- [Required action]: Below are some records. Return exactly the lines from the one containing "- Design: Mini" through the one containing "FURNY Scaland 5", both included, and only those.

Dataset excerpts
|---|

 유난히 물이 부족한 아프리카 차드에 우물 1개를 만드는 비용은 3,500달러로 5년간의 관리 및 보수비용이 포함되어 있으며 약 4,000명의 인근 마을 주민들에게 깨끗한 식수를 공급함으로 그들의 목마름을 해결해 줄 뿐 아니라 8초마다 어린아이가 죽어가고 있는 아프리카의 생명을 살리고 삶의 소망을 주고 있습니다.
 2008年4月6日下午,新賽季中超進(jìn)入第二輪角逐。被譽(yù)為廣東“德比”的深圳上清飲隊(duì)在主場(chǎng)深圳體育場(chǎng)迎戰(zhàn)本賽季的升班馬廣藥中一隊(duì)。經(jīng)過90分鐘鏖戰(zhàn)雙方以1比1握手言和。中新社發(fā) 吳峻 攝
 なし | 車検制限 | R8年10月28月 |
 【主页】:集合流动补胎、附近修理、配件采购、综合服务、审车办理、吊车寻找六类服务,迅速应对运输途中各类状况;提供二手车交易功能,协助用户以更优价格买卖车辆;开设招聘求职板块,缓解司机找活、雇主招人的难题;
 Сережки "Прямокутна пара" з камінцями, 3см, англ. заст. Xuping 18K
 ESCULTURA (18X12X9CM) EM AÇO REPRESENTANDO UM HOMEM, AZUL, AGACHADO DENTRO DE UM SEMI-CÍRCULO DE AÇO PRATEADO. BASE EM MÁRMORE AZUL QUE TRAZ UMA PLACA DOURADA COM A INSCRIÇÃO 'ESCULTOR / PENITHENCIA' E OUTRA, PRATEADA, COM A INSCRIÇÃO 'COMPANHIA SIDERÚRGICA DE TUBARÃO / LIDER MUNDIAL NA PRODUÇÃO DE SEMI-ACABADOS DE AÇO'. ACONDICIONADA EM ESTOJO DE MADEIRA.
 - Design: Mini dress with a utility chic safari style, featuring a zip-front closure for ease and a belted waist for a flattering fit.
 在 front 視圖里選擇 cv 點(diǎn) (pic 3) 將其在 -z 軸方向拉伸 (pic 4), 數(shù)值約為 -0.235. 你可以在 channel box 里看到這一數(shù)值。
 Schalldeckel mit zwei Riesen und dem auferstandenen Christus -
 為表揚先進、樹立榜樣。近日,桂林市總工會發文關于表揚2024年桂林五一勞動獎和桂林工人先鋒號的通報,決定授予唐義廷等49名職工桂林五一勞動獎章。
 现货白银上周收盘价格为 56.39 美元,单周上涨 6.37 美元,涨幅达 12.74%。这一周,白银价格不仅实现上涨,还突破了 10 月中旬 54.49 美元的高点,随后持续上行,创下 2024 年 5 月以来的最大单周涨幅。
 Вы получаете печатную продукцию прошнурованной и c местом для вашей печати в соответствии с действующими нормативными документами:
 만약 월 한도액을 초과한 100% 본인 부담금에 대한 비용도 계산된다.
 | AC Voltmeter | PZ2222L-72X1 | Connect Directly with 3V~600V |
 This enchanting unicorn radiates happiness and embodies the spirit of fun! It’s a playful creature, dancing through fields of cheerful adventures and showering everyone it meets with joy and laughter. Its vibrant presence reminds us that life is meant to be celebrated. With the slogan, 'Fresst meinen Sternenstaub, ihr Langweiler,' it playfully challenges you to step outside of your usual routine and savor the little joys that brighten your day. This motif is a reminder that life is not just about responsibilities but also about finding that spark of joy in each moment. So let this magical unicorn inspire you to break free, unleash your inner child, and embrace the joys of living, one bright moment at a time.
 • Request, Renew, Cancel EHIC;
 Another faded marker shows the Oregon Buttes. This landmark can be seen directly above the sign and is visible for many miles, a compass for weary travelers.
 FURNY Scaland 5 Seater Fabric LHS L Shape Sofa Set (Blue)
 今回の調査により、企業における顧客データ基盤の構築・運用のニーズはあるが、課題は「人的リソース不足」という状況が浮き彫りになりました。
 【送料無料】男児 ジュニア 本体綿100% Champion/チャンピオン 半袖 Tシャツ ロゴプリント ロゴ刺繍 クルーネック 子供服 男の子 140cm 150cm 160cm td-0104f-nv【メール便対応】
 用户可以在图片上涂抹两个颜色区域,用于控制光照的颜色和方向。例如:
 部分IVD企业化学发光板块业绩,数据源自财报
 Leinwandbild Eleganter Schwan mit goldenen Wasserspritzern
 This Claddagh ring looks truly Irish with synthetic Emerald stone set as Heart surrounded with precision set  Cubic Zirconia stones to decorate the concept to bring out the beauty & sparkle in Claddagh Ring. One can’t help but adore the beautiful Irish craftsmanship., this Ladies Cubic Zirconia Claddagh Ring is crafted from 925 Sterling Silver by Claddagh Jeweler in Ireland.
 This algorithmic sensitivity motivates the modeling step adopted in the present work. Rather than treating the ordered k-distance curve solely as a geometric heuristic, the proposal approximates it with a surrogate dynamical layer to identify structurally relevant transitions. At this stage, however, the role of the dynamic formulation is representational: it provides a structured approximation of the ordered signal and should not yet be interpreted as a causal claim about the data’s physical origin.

|---|

- [Answer space]:
 - Design: Mini dress with a utility chic safari style, featuring a zip-front closure for ease and a belted waist for a flattering fit.
 在 front 視圖里選擇 cv 點(diǎn) (pic 3) 將其在 -z 軸方向拉伸 (pic 4), 數(shù)值約為 -0.235. 你可以在 channel box 里看到這一數(shù)值。
 Schalldeckel mit zwei Riesen und dem auferstandenen Christus -
 為表揚先進、樹立榜樣。近日,桂林市總工會發文關于表揚2024年桂林五一勞動獎和桂林工人先鋒號的通報,決定授予唐義廷等49名職工桂林五一勞動獎章。
 现货白银上周收盘价格为 56.39 美元,单周上涨 6.37 美元,涨幅达 12.74%。这一周,白银价格不仅实现上涨,还突破了 10 月中旬 54.49 美元的高点,随后持续上行,创下 2024 年 5 月以来的最大单周涨幅。
 Вы получаете печатную продукцию прошнурованной и c местом для вашей печати в соответствии с действующими нормативными документами:
 만약 월 한도액을 초과한 100% 본인 부담금에 대한 비용도 계산된다.
 | AC Voltmeter | PZ2222L-72X1 | Connect Directly with 3V~600V |
 This enchanting unicorn radiates happiness and embodies the spirit of fun! It’s a playful creature, dancing through fields of cheerful adventures and showering everyone it meets with joy and laughter. Its vibrant presence reminds us that life is meant to be celebrated. With the slogan, 'Fresst meinen Sternenstaub, ihr Langweiler,' it playfully challenges you to step outside of your usual routine and savor the little joys that brighten your day. This motif is a reminder that life is not just about responsibilities but also about finding that spark of joy in each moment. So let this magical unicorn inspire you to break free, unleash your inner child, and embrace the joys of living, one bright moment at a time.
 • Request, Renew, Cancel EHIC;
 Another faded marker shows the Oregon Buttes. This landmark can be seen directly above the sign and is visible for many miles, a compass for weary travelers.
 FURNY Scaland 5 Seater Fabric LHS L Shape Sofa Set (Blue)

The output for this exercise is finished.